We’ve already been through that individually, and we had all this great material that we knew we could play. So it was really like, “We’re gonna walk out on stage in front of 1,200 people who’ve never heard this material done this way or this band before.” It was kind of daunting. But it went really well, and I think it went well because we decided that we were gonna not worry about stuff.

Instead of recording as set of originals, the super group’s first album is a set of conceptually linked covers. Can we expect some original material when you perform live?

In the inimitable jamband tradition, we were going to let the music play the band, as it were. We made some room in some of the arrangements for improv. We brought in a sixth member, Jesse Aycock, an amazing guitar player-songwriter from Tulsa, to flesh out the vocals and other guitar parts.

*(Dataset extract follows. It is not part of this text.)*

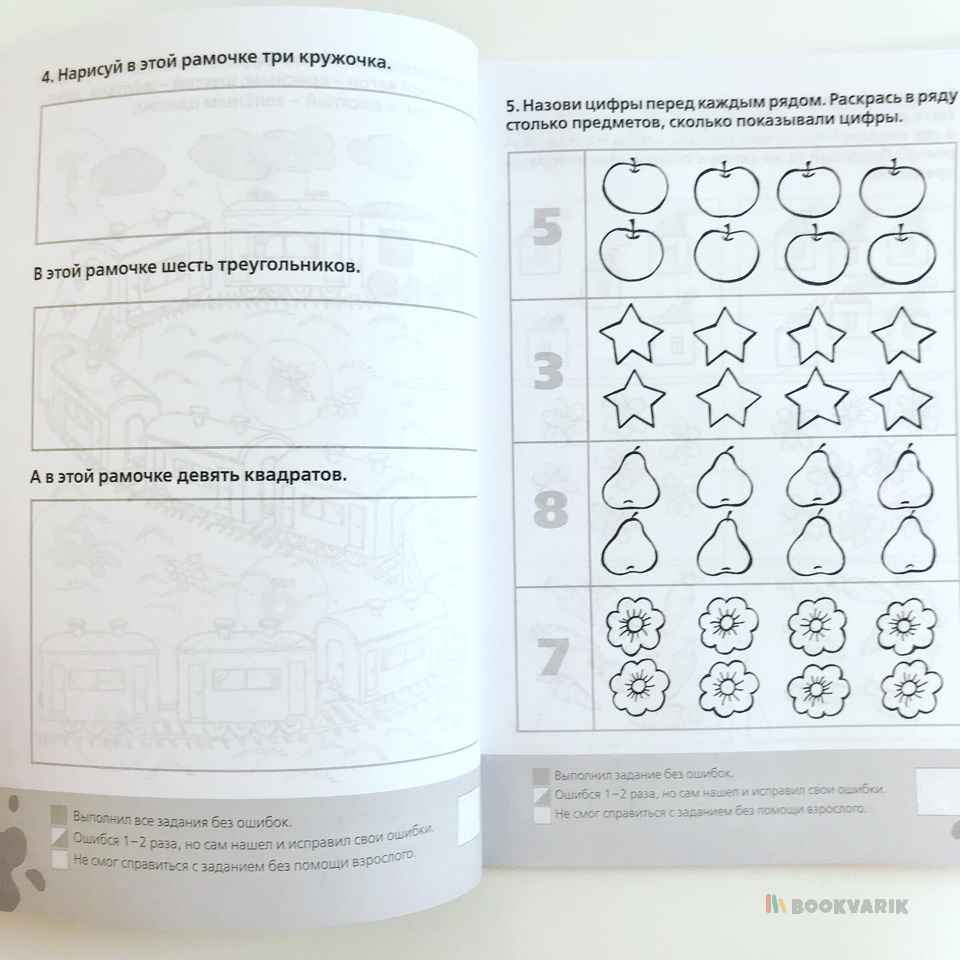 Самый полный сборник тестовых заданий, разработанный профессиональными педагогами и психологами. С помощью этих тестов вы легко определите уровень развития вашего малыша, а главное, сможете подвести итог всей проделанной работе по развитию 4-5-летнего ребенка и подготовить его к следующему, более углубленному этапу занятий. Если результаты тестирования оказались не достаточно высокими - не огорчайтесь!

We also integrated some of Todd Snider’s familiar songs and gave those the Hard Working Americans treatment. Then we made sure we were going go out with a bang by having Hayes Carll come join us on stage for the song of his that we do on the record, “Stomp and Holler.” And so that is the long-winded answer to your question, but that in a nutshell is the next steps. We’re going to add new music; we’re busily writing new music. Todd’s got lyrics, we’ve got songs, we’re going to rehearse and try to add some more stuff. There we’re going to go into the studio in Chicago and start working on the next record after the February sling.